Zooals reeds door de Commissie-Rutgers was geadviseerd, stelt de Minister voor, de oude „m.u.l.o."-school te herstellen. Hij schrijft: „De omstandigheid, dat in 1920 aan het type van de u.l.o.-kopschool de voorkeur is gegeven, mag geen reden zijn daarvan niet terug te komen, nu meer en meer blijkt, dat men van vele zijden ook op het andere type prijs blijft stellen".
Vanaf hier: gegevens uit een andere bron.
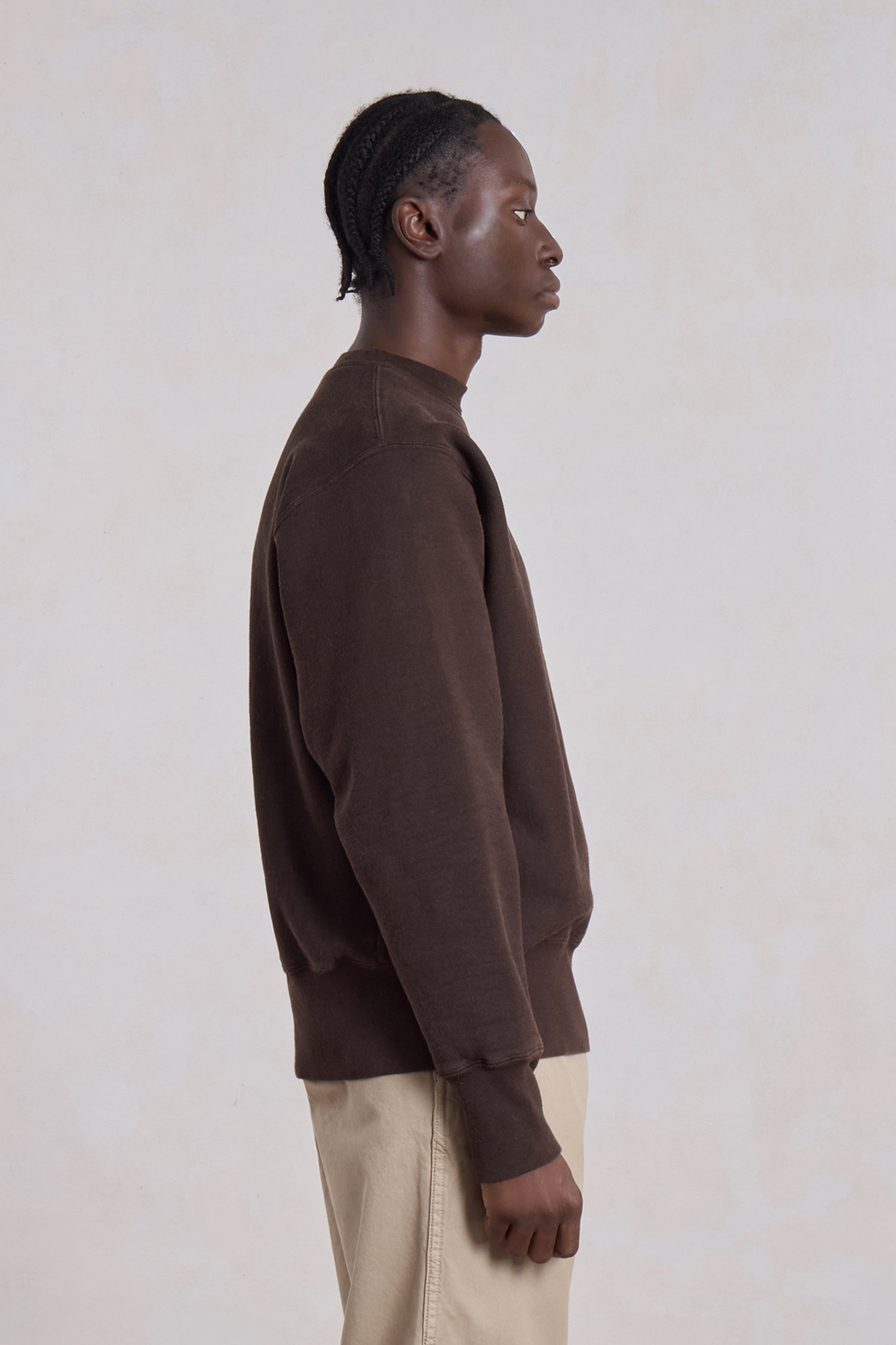 Made from 12 oz (350 g) heavyweight cotton, these sweatshirts are like armor. Designed to offer warmth, resistance and a strong look, they remind us of the raw aesthetics of vintage sweatshirts from the 90s.
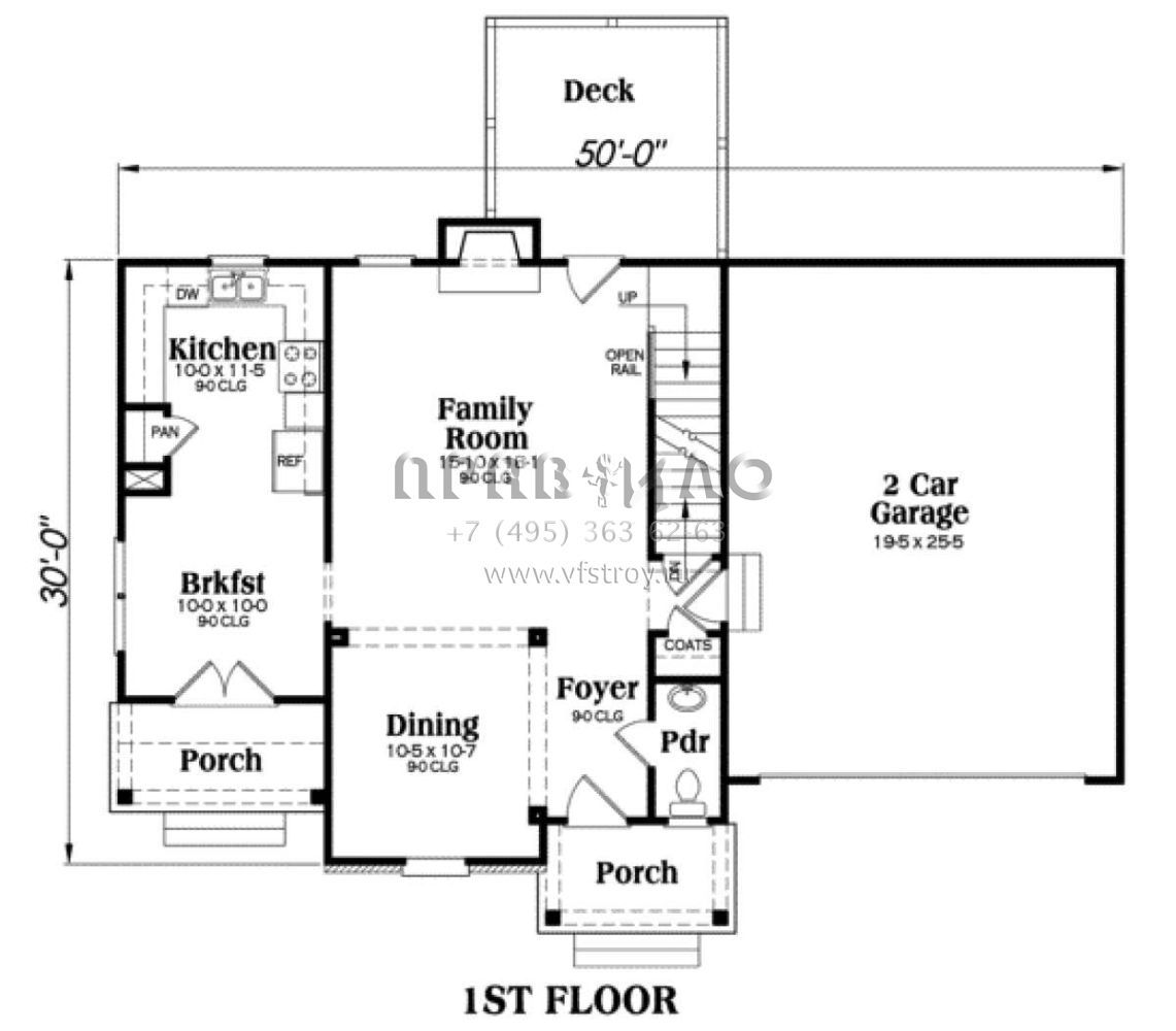 Проект двухэтажного дома с гаражом на две машины в стиле Ранчо S5-147 (009-00059)
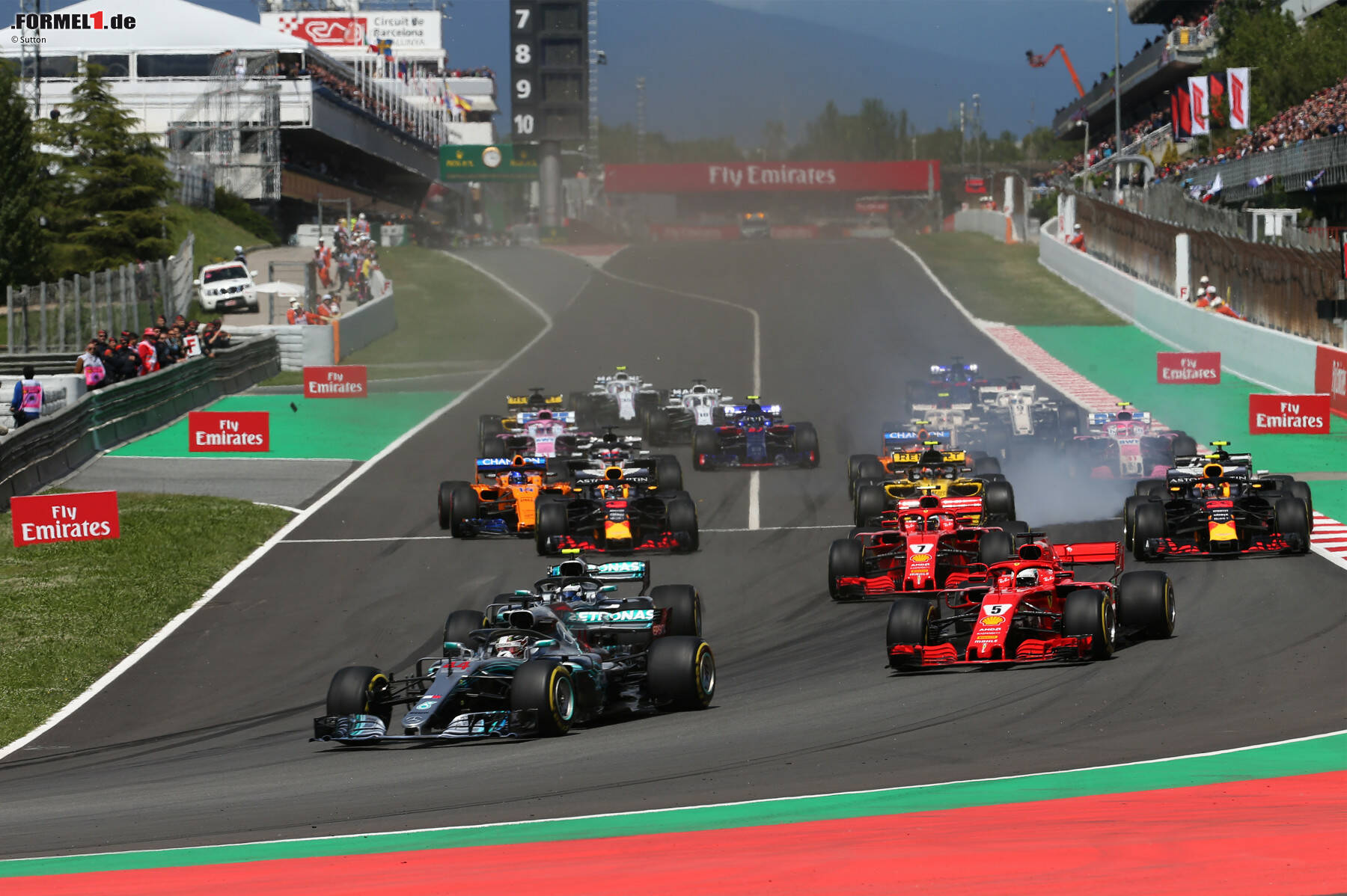 Aber da hatte Vettel auf der Außenbahn schon die Nase vorne. Möglicherweise auch, weil sich die Mercedes-Fahrer untereinander nicht sicher waren, wie sie sich mit dem Windschatten am besten gegenseitig helfen können. Und weil Bottas den Windschatten von Polesetter Hamilton nicht für sich nutzte, saugte sich Vettel an Hamiltons Getriebe heran und nahm den Schwung in die erste Kurve mit. Das war zwischen Hamilton und Bottas sogar im Podium-Room ein Thema.

Inzake de opleiding krijgen we ook niets nieuws. De bestaande toestand wil de Minister in de wet vastleggen. Alleen zal het oprichten van nieuwe kweekscholen voortaan worden onderworpen aain de goedkeuring van de Kroon. Dat is een nieuw element. En de vraag is stellig gewettigd, of dit nieuwe goed is. Is dat bestaanbaar met de vrijheid van onderwijs? Zijn de moeilijkheden voor een Kweekschool, die zich een naam en een plaats moet veroveren, niet groot genoeg? Een Bestuur zal zich wel tienmaal bedenken, voor het met de exploitatie van een Kweekschool begint, die nog niet zeker van de subsidie is en het diplomeeringsrecht nog moet verdienen. We hebben in ons land geen al te beste ervaringen met die autorisatie van overheidswege. Zoo'n vaart zal het met de oprichting van nieuwe kweekscholen niet loepen. Mij dunkt, die bepaling moest er maar uit!

G. MEIMA.

Deze tekst is geautomatiseerd gemaakt en kan nog fouten bevatten. Digibron werkt voortdurend aan correctie. Klik voor het origineel door naar de pdf. Voor opmerkingen, vragen, informatie: contact.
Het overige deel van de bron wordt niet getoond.